* _Instructions to follow_:
With pictures excluded, copy word for word the lines in the data below from the line containing "Pour contourner le" through the line containing "Connectez-vous à votre".
Material for this task: Begin
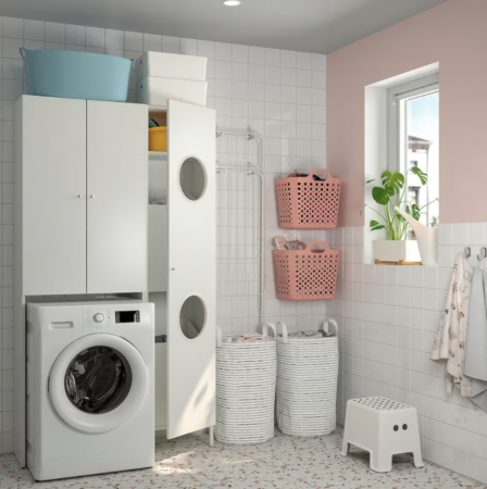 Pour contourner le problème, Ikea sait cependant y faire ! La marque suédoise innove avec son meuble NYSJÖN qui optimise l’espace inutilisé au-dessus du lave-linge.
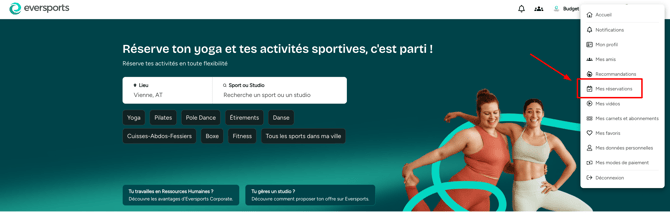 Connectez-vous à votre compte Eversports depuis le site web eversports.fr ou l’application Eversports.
Material for this task: End
Material for this task: Begin
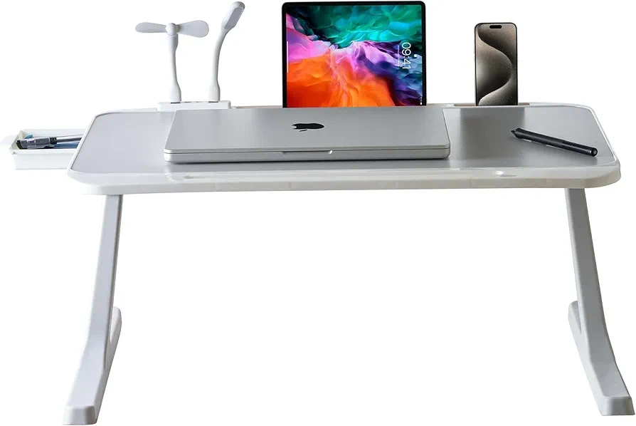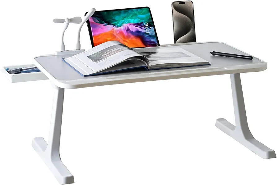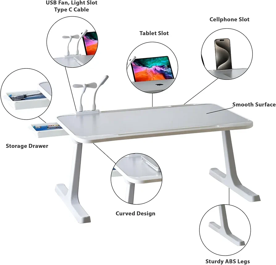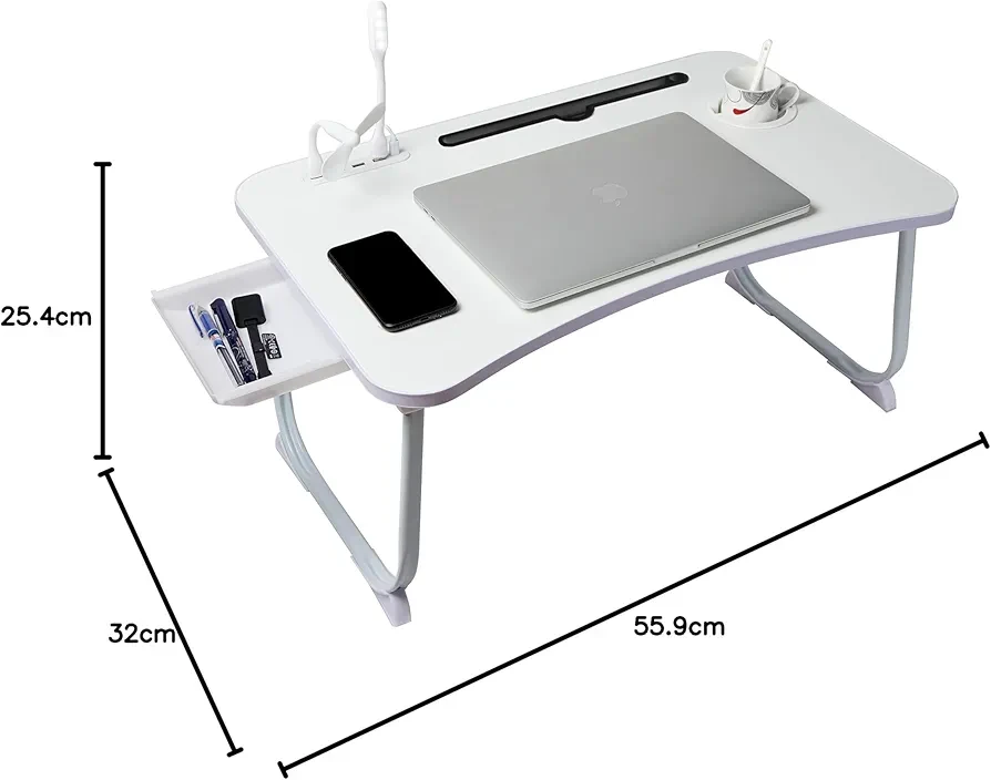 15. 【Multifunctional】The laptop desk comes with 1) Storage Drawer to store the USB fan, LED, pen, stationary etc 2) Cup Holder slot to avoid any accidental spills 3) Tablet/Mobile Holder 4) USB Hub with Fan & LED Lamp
Material for this task: End
* _Your response_:
 Pour contourner le problème, Ikea sait cependant y faire ! La marque suédoise innove avec son meuble NYSJÖN qui optimise l’espace inutilisé au-dessus du lave-linge.
 Connectez-vous à votre compte Eversports depuis le site web eversports.fr ou l’application Eversports.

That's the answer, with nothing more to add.